### Task prompt
Within the listing that follows, reproduce exactly the lines starting at the line with "会议伊始,张泽锋介绍张孟晓是" and ending at the line with "Cute Notes Widget", inclusive, and only those. Pictures are dropped.
**** The input
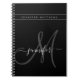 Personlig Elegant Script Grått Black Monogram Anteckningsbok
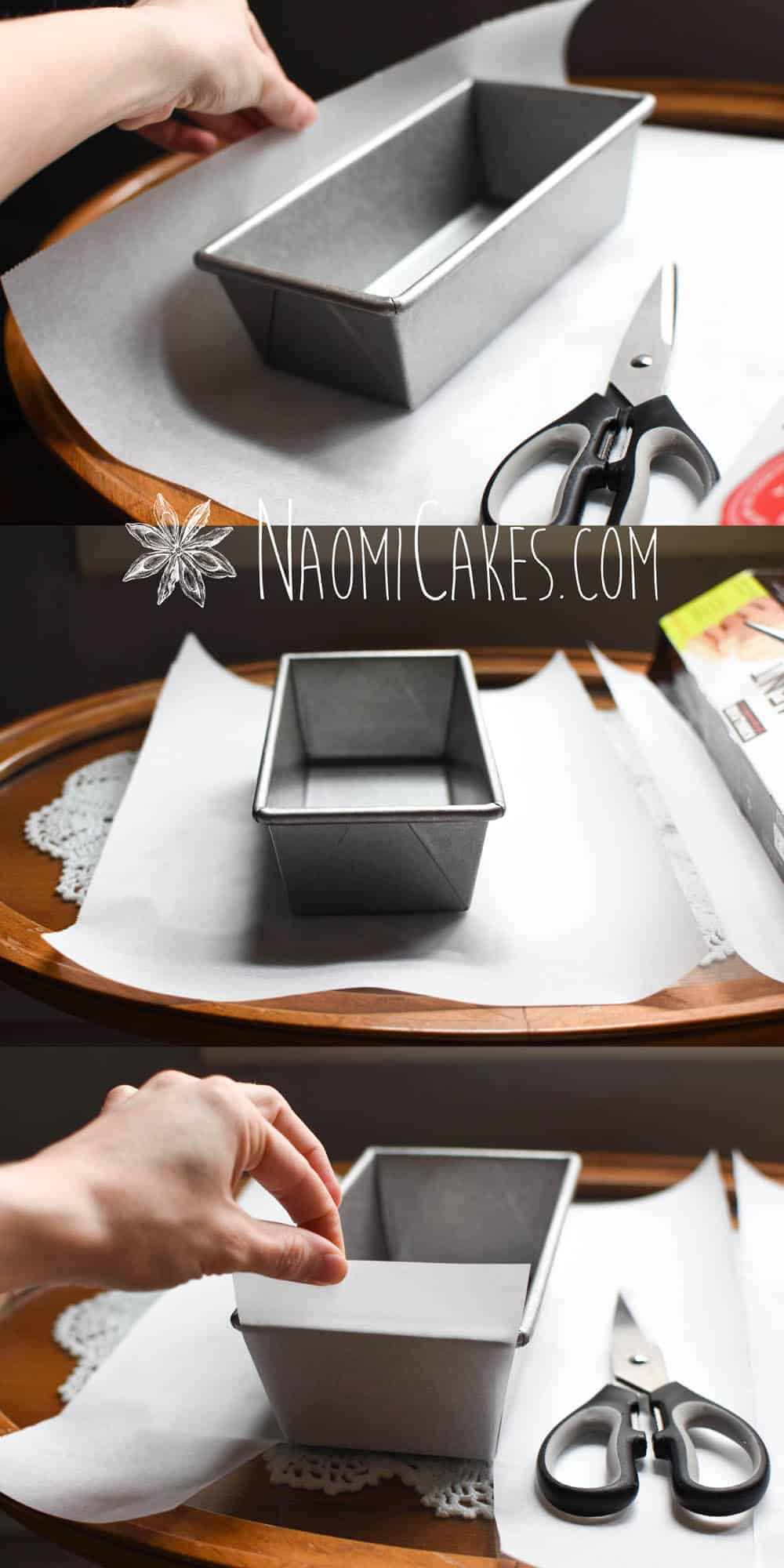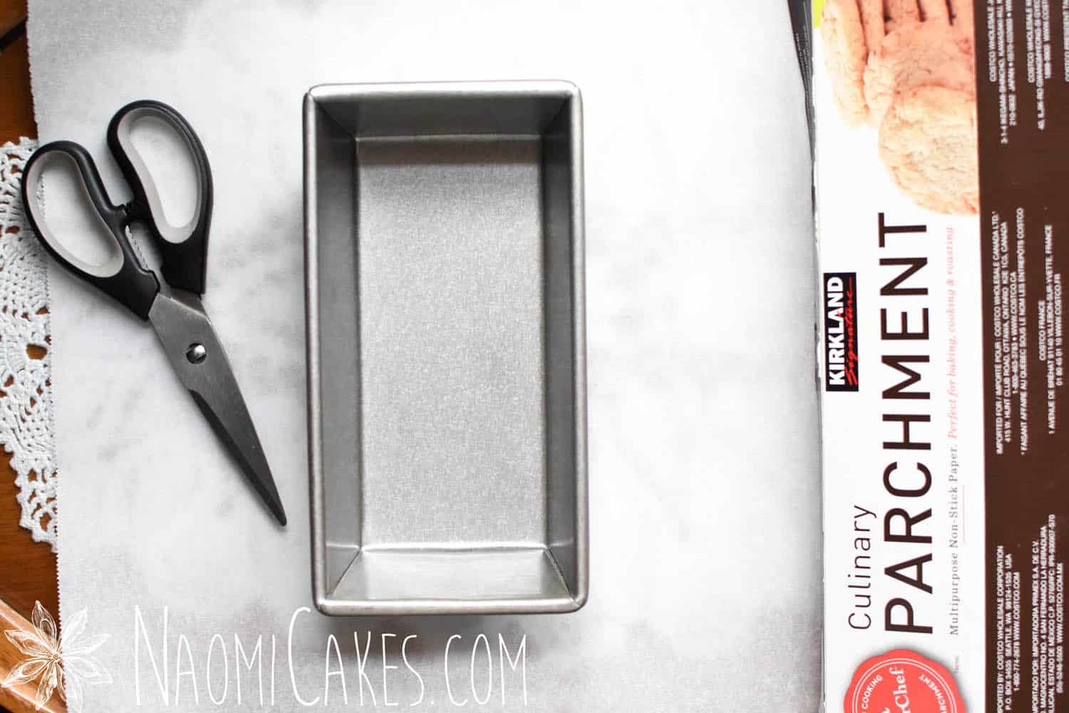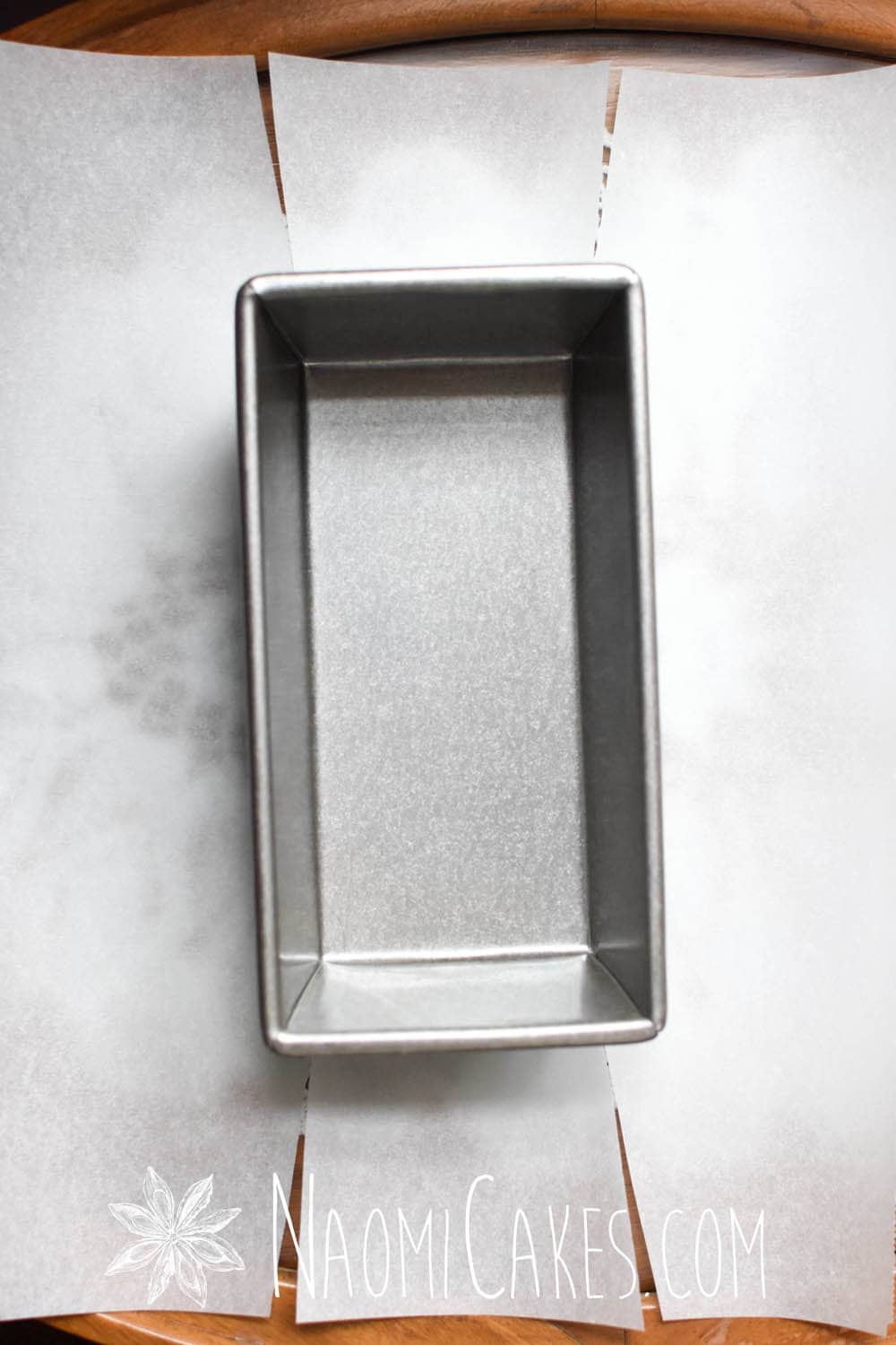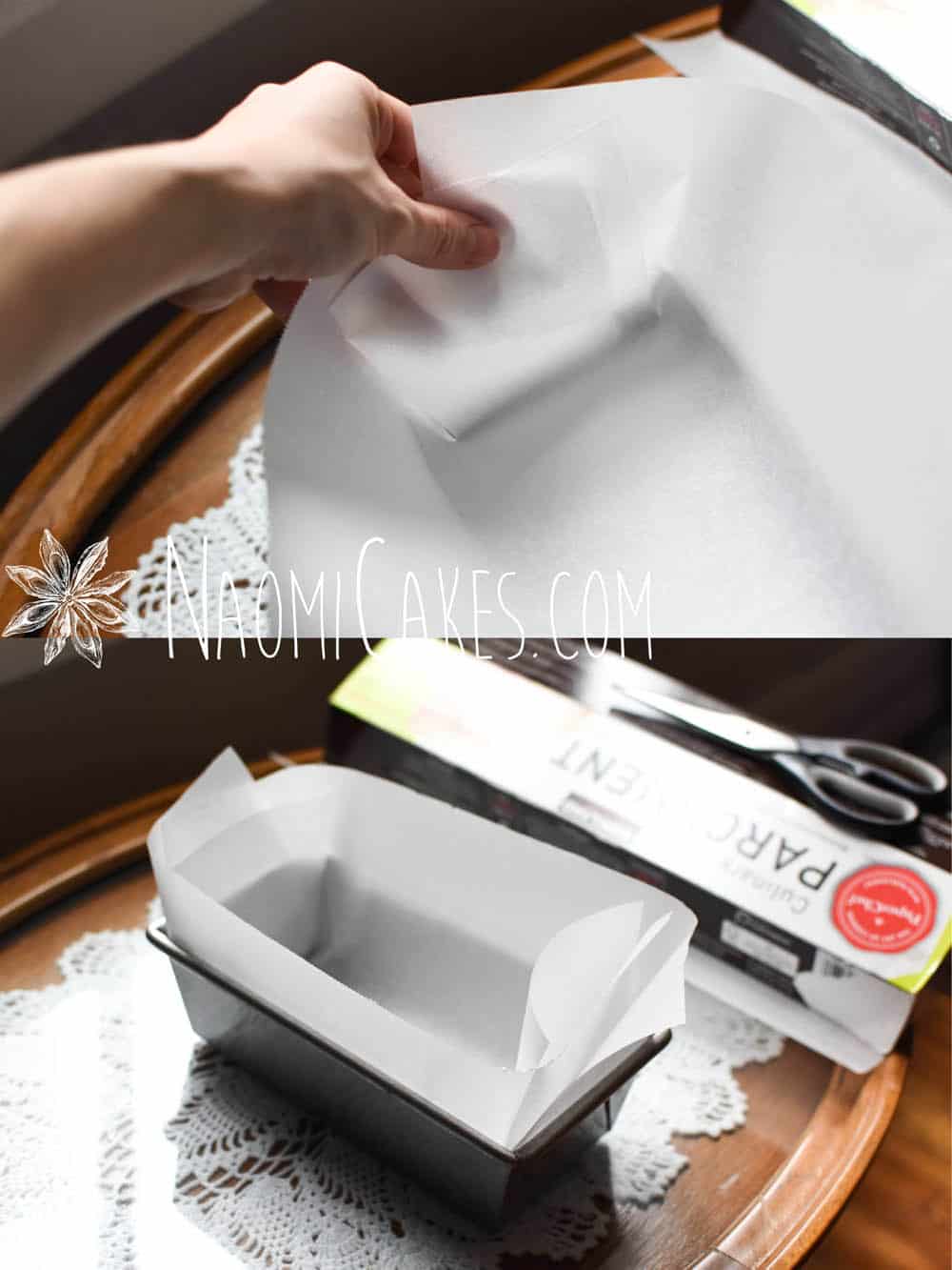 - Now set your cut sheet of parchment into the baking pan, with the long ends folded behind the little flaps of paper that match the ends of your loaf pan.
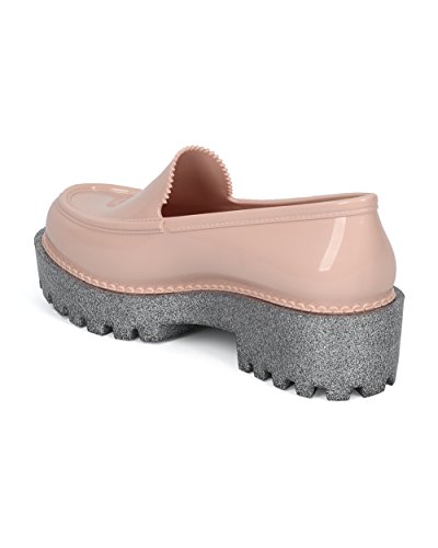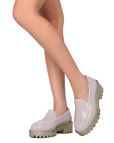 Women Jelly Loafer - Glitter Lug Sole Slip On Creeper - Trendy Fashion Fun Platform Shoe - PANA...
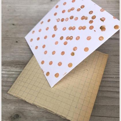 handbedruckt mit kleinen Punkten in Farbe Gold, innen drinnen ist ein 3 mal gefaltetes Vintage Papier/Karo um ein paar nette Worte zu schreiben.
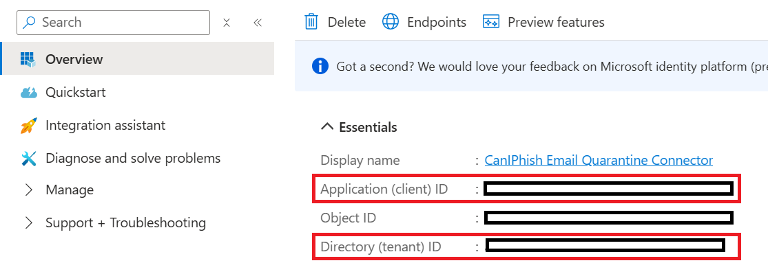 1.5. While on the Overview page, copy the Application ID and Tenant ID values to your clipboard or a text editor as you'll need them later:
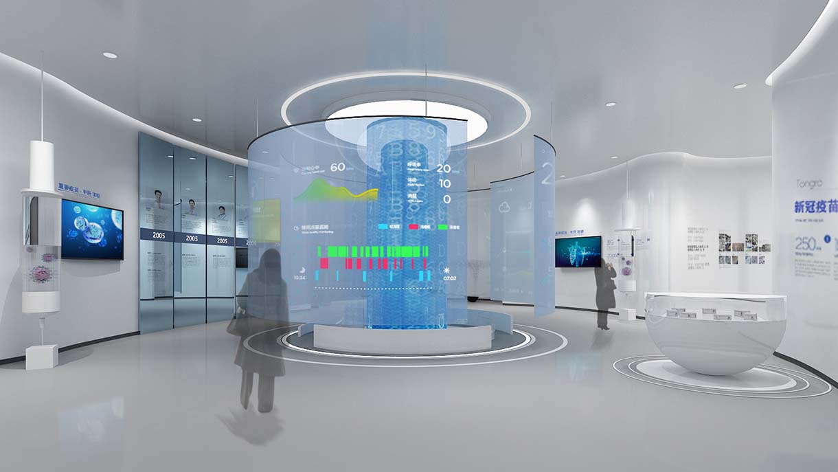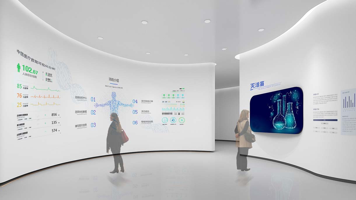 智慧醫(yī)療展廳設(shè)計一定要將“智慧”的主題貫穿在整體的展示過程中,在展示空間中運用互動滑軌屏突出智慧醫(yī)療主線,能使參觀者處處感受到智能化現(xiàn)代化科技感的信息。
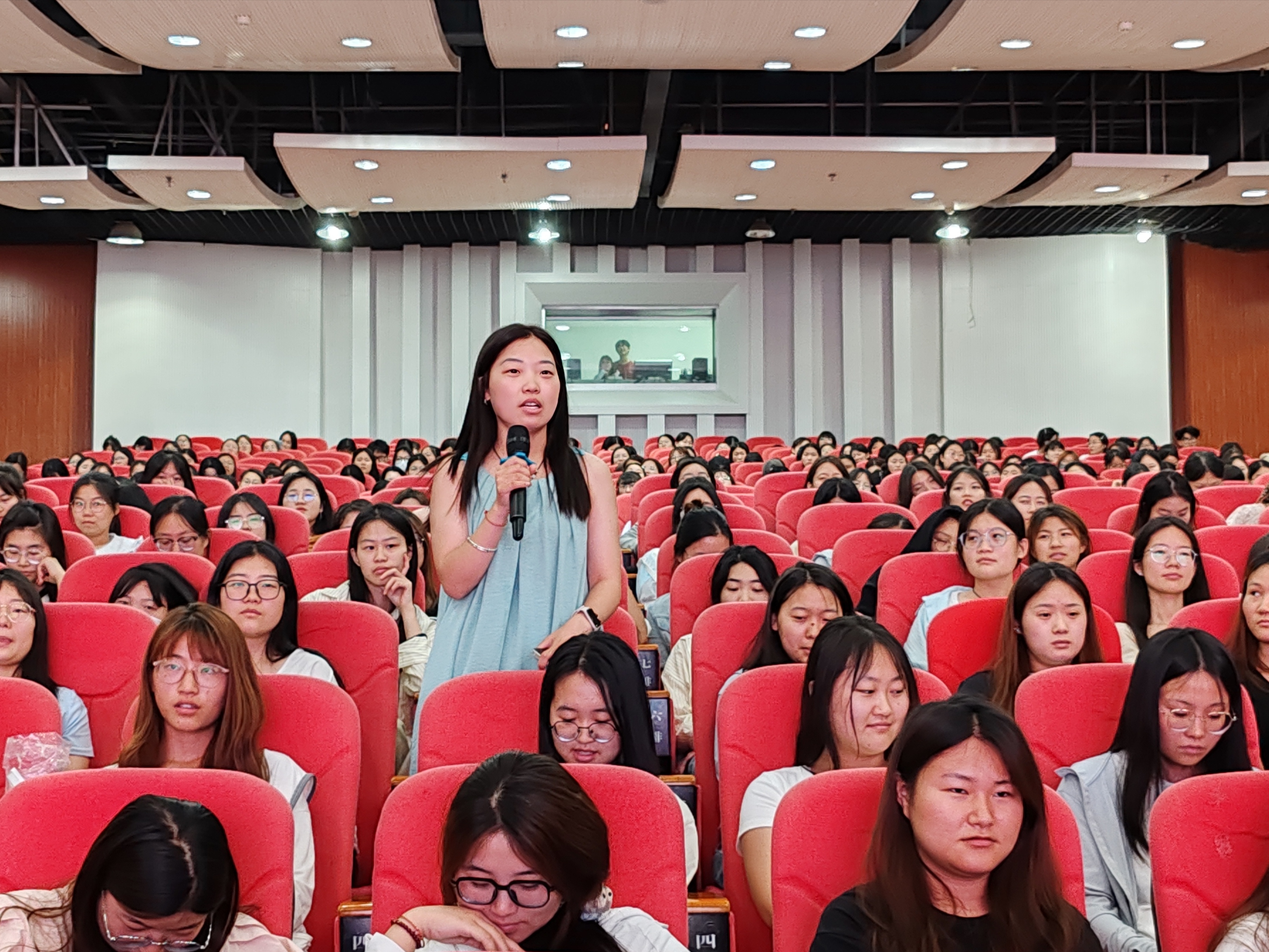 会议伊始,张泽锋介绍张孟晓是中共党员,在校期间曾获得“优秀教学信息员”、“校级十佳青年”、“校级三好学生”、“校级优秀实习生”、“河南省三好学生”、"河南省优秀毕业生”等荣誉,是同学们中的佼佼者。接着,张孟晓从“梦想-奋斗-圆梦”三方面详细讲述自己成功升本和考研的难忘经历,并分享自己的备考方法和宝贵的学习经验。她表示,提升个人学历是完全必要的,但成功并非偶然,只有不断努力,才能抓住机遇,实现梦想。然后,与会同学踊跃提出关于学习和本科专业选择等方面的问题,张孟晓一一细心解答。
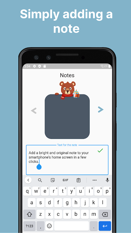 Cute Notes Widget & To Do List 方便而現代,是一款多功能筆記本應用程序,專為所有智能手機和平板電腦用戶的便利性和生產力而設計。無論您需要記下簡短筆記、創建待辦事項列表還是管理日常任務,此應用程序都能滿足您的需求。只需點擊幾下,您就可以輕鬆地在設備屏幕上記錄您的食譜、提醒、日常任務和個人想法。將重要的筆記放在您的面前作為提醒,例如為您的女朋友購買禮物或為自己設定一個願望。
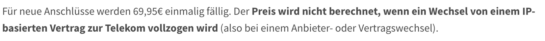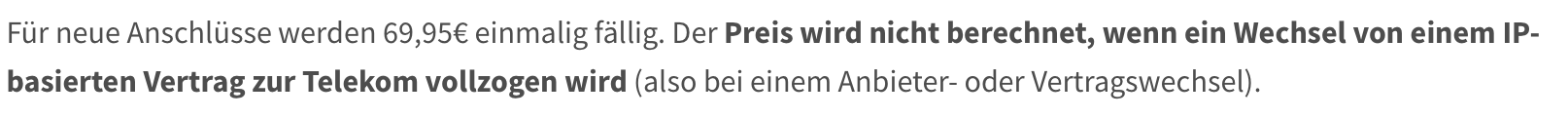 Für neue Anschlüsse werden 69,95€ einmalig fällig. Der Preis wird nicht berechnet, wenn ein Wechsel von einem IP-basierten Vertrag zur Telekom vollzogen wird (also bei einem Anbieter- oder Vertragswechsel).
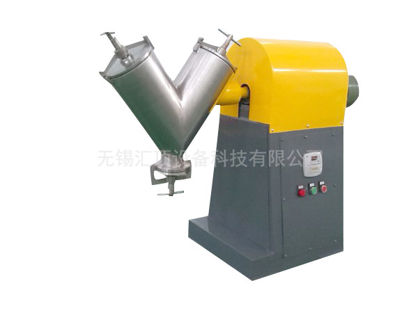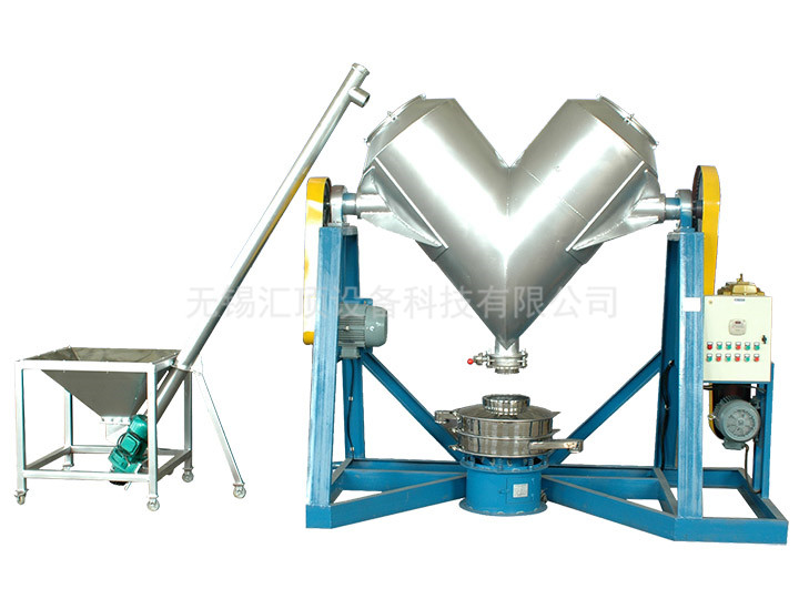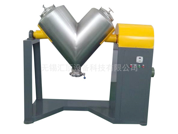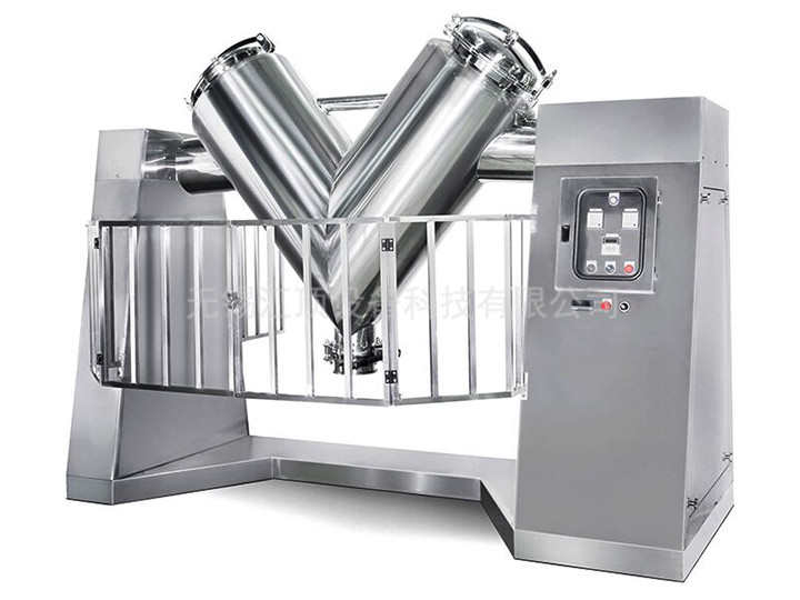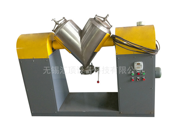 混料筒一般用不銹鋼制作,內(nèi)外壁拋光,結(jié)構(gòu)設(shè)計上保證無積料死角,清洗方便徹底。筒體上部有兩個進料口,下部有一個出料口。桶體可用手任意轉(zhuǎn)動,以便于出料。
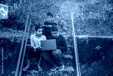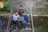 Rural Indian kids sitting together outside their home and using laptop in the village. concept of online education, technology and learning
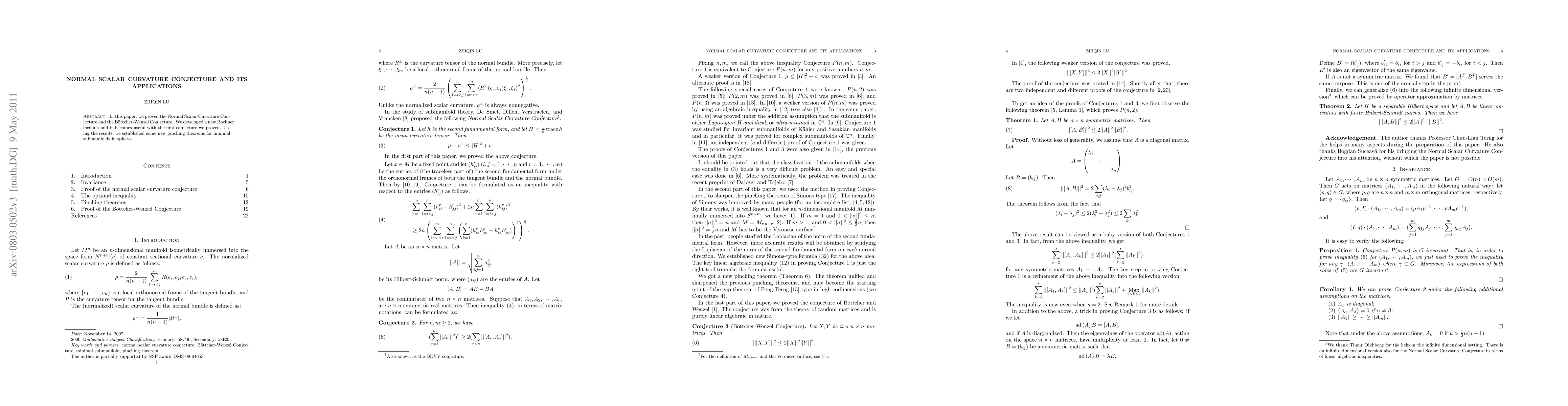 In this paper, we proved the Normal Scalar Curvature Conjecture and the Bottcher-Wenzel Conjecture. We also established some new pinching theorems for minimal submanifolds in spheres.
********
### Expected output
 会议伊始,张泽锋介绍张孟晓是中共党员,在校期间曾获得“优秀教学信息员”、“校级十佳青年”、“校级三好学生”、“校级优秀实习生”、“河南省三好学生”、"河南省优秀毕业生”等荣誉,是同学们中的佼佼者。接着,张孟晓从“梦想-奋斗-圆梦”三方面详细讲述自己成功升本和考研的难忘经历,并分享自己的备考方法和宝贵的学习经验。她表示,提升个人学历是完全必要的,但成功并非偶然,只有不断努力,才能抓住机遇,实现梦想。然后,与会同学踊跃提出关于学习和本科专业选择等方面的问题,张孟晓一一细心解答。
 Cute Notes Widget & To Do List 方便而現代,是一款多功能筆記本應用程序,專為所有智能手機和平板電腦用戶的便利性和生產力而設計。無論您需要記下簡短筆記、創建待辦事項列表還是管理日常任務,此應用程序都能滿足您的需求。只需點擊幾下,您就可以輕鬆地在設備屏幕上記錄您的食譜、提醒、日常任務和個人想法。將重要的筆記放在您的面前作為提醒,例如為您的女朋友購買禮物或為自己設定一個願望。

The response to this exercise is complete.